Exercise: Your task is to return all of the records exactly, minus any images.

Extracted data entries:
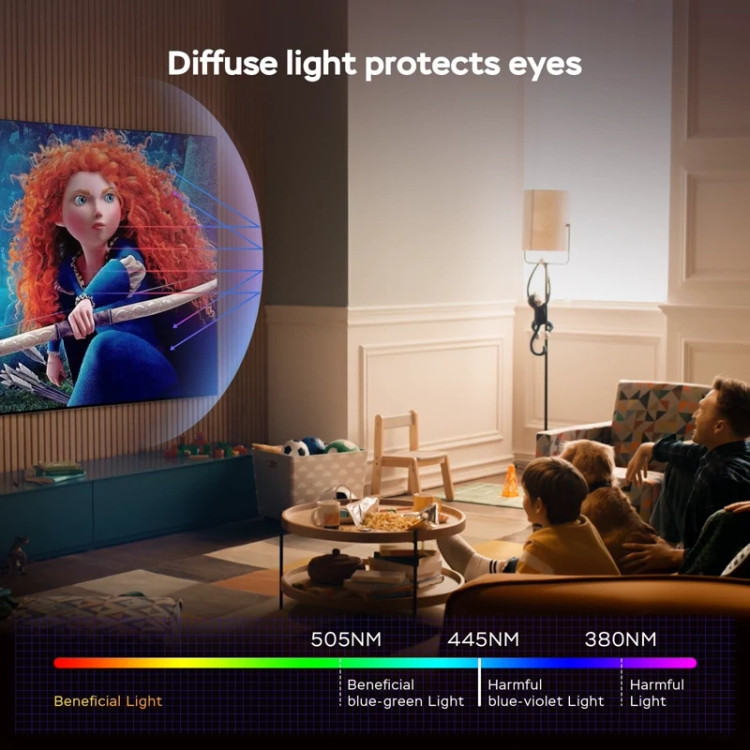 این ویژگیها تصاویر را با جزئیات دقیق و بافت زنده نمایش میدهند و امکان پخش تصویر تا 300 اینچ را فراهم میکنند، تجربهای مشابه تلویزیون 29–55 اینچ در خانه شما.
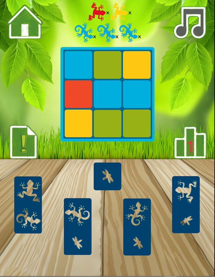 Game board with colored squares, 5 puzzle pieces with frogs, salamanders and transparent insects, consists of 60 challenges
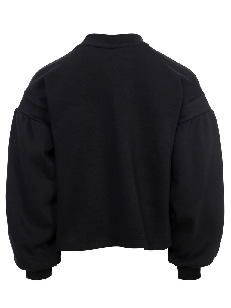 Bloom Baby Bloom! Fancy geborduurde bloem in de kleuren van deze eerste drop van Looxs Little. Super leuke sweater met een fancy mouw en een iets cropped fit. Uni Antraciet kleur. Lange mouw en een ronde hals.
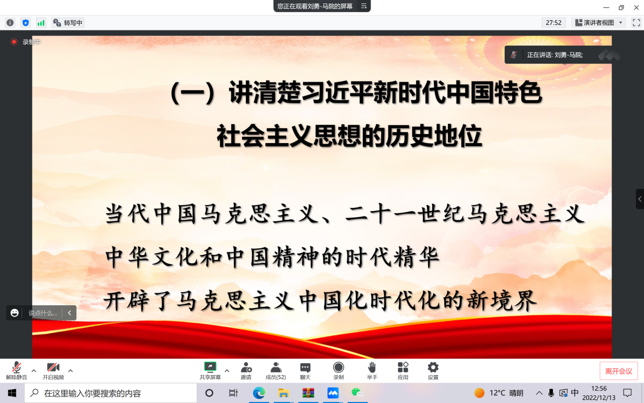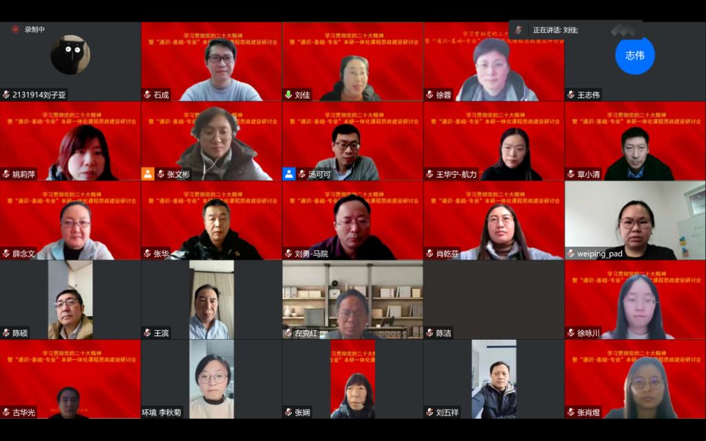为进一步学习贯彻落实党的二十大精神,12月13日,学习贯彻党的二十大精神暨“通识-基础-专业”本研一体化课程思政建设研讨会在我校召开。来自同济大学和东南大学的50余位老师在线参加了会议。
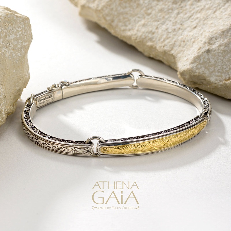 A flexible bracelet in sterling silver with solid 18k gold facea delicate yet durable piece by Gerochristo. Designed with intricate detailing, this bangle is perfect for everyday wear and can be stacked with other bracelets for a unique look.
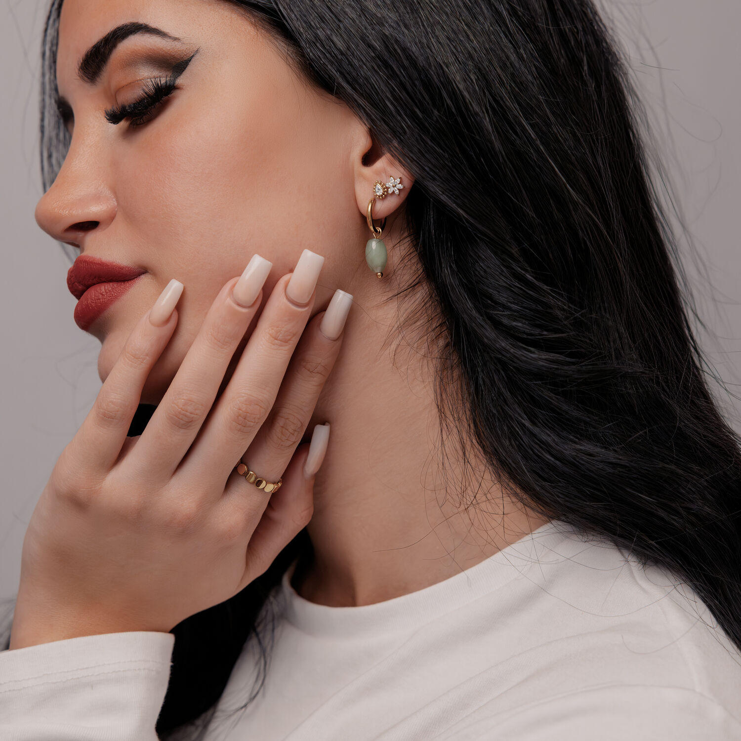 Green Aventurine Drop Hoops -korvakorut yhdistävät ajattoman muotoilun raikkaaseen, moderniin boho-estetiikkaan. Kiillotettu vihreä aventuriinikivi, joka on muotoiltu pehmeäksi pisaraksi, tuo luonnollisen väripilkahduksen sekä kevyen ja eloisan ilmeen. Jokainen pari on yksilöllinen luonnonkiven ainutlaatuisen kuvioinnin ansiosta.
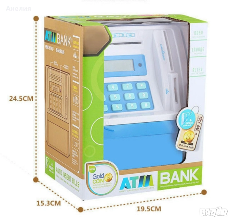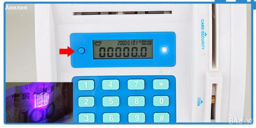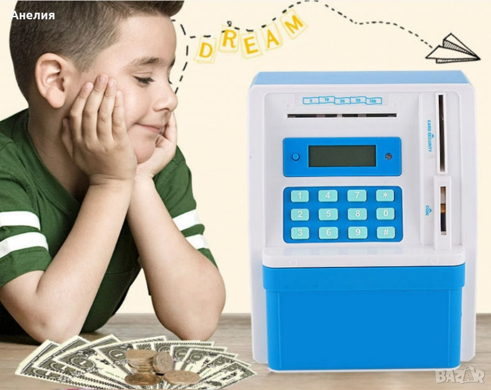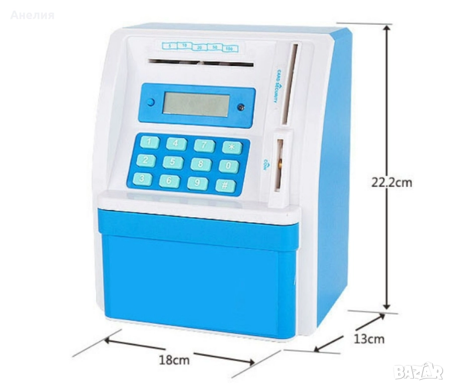 Сейф за деца тип „банкомат“ отваряне с парола / С процеп за банкноти; С процеп за монети; С парола; Опростен, но стилен дизайн; Интересна, цветна визия; Преносим и лесен за съхранение; С екран;

Answer below:
 این ویژگیها تصاویر را با جزئیات دقیق و بافت زنده نمایش میدهند و امکان پخش تصویر تا 300 اینچ را فراهم میکنند، تجربهای مشابه تلویزیون 29–55 اینچ در خانه شما.
 Game board with colored squares, 5 puzzle pieces with frogs, salamanders and transparent insects, consists of 60 challenges
 Bloom Baby Bloom! Fancy geborduurde bloem in de kleuren van deze eerste drop van Looxs Little. Super leuke sweater met een fancy mouw en een iets cropped fit. Uni Antraciet kleur. Lange mouw en een ronde hals.
为进一步学习贯彻落实党的二十大精神,12月13日,学习贯彻党的二十大精神暨“通识-基础-专业”本研一体化课程思政建设研讨会在我校召开。来自同济大学和东南大学的50余位老师在线参加了会议。
 A flexible bracelet in sterling silver with solid 18k gold facea delicate yet durable piece by Gerochristo. Designed with intricate detailing, this bangle is perfect for everyday wear and can be stacked with other bracelets for a unique look.
 Green Aventurine Drop Hoops -korvakorut yhdistävät ajattoman muotoilun raikkaaseen, moderniin boho-estetiikkaan. Kiillotettu vihreä aventuriinikivi, joka on muotoiltu pehmeäksi pisaraksi, tuo luonnollisen väripilkahduksen sekä kevyen ja eloisan ilmeen. Jokainen pari on yksilöllinen luonnonkiven ainutlaatuisen kuvioinnin ansiosta.
 Сейф за деца тип „банкомат“ отваряне с парола / С процеп за банкноти; С процеп за монети; С парола; Опростен, но стилен дизайн; Интересна, цветна визия; Преносим и лесен за съхранение; С екран;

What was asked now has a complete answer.